So far, both things have happened.
Even though games may look the same, most of the processes around broadcasting the games have changed. Interviews for pregame features are being done remotely, announcers are socially distanced while being separated by plexiglass, and sideline reporters are in the stands.
“I went into the season with no expectations. When I left Kansas City (after the opening game on Sept. 10) I wondered if we would make it back there for Week 13 (a Sunday night game against Denver on Dec. 6) and we did,” said Gaudelli, the executive producer of NBC’s NFL coverage. “There are challenges every week, but we’ve had the wherewithal to do it.”

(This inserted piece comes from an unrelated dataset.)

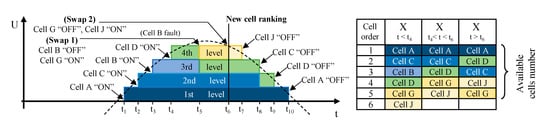 Waveforms generated with our system are similar to those from carrier cascaded PWM, but the management of electrical grid disturbances and cells faults is now possible within a half cycle of the sinusoidal voltage without signal perturbation. A control loop updates the reference waveform in real time, which allows forthwith management of the electrical network voltage perturbations. The first in first out (FIFO) principle is applied to connect and disconnect the cells. The selection of the cell to be connected or disconnected is performed on the fly in a priority order provided by a balancing algorithm. The failing cells are handled forthwith without disturbing the generated waveform by means of a cell swap operation. The priority order of the cell use is given by a ranking X(t), which is updated over the time from the availability of the cells and by the balancing algorithm. As illustrated in Figure 2, the first four levels are connected from time t1 to t4 according to the reference signal. At time t5, a fault occurs on cell B, which is associated with the third level. This faulty cell is disconnected and instantly removed from the list of available cells list in the ranking X(t). This ranking gives cell G as the next available cell to be connected in replacement of the faulty cell. At time t6, the cell ranking X(t) is updated by the balancing algorithm. Cell G, now with rank five, is immediately replaced by cell J that has now rank four. Then cell J is disconnected at t7 when only three levels are required in order to follow the theoretical waveform. At time t8, only two levels are required and cell C is disconnected as requested by the ranking X(t). At time t9, only one level is required and the cell D is disconnected. At time t10, the zero-crossing point of the voltage is reached. The cell A is disconnected and then all cells are bypassed. The negative part of the waveform is generated using the inverter H-bridges distributed on each module containing 4 cells (see Figure 3), while cells are connected successively in the order given by the cell ranking X(t) (cell A first). The following sections show how the CEA has implemented the innovations presented above.

No one is complaining though, even when games have been moved. NBC was scheduled to broadcast Tampa Bay’s game at Las Vegas on Oct. 25, but an outbreak of positive COVID tests among the Raiders caused the league to move Seattle’s matchup at Arizona to the prime-time slot.
“The league wants the best games in the best windows. That part has felt like business as usual. There has been more communication about if we have the windows on certain days. All those things take a lot of time and conversation,” Gaudelli said. “These are inconveniences though, and not hardships.”
The NFL remains the only major professional sport in North America in which network announcers and production crews have been at the stadiums for all games. The crews have been smaller compared to years past. NBC’s “Sunday Night Football” usually had 120 production personnel along with local hires, but that is down to 90 this season.
Most of the production people are still arriving on Thursday and Friday to begin setting up at stadiums. Announcers and producers — who are used to the camaraderie of going to dinner and exchanging ideas throughout the weekend — have to do it virtually.
The biggest surprise is that new announcing teams have developed natural chemistry without preseason games or spending much time together.
ESPN’s Lisa Salters said she still hasn’t spent much time with Steve Levy, Brian Griese and Lewis Riddick, who are in their first season doing “Monday Night Football.” Salters said she met Griese before the Week 1 game between Denver and Tennessee when both arrived to the stadium at the same time.
“I have not been in same room with the crew and yet we have put together a product that we are all proud of. It goes to the professionalism of everyone in the group,” Salters said. “It is so odd that we all have not sat down and talked or had dinner, yet a natural chemistry is there.”
Charles Davis, who arrived at CBS from FOX during the offseason, talked weekly with Ian Eagle leading up to the opener. Davis, who said he usually tapped or nudged former partners when he had something to say, has had to find a new way to communicate with Eagle due to social distancing and plexiglass separating the two.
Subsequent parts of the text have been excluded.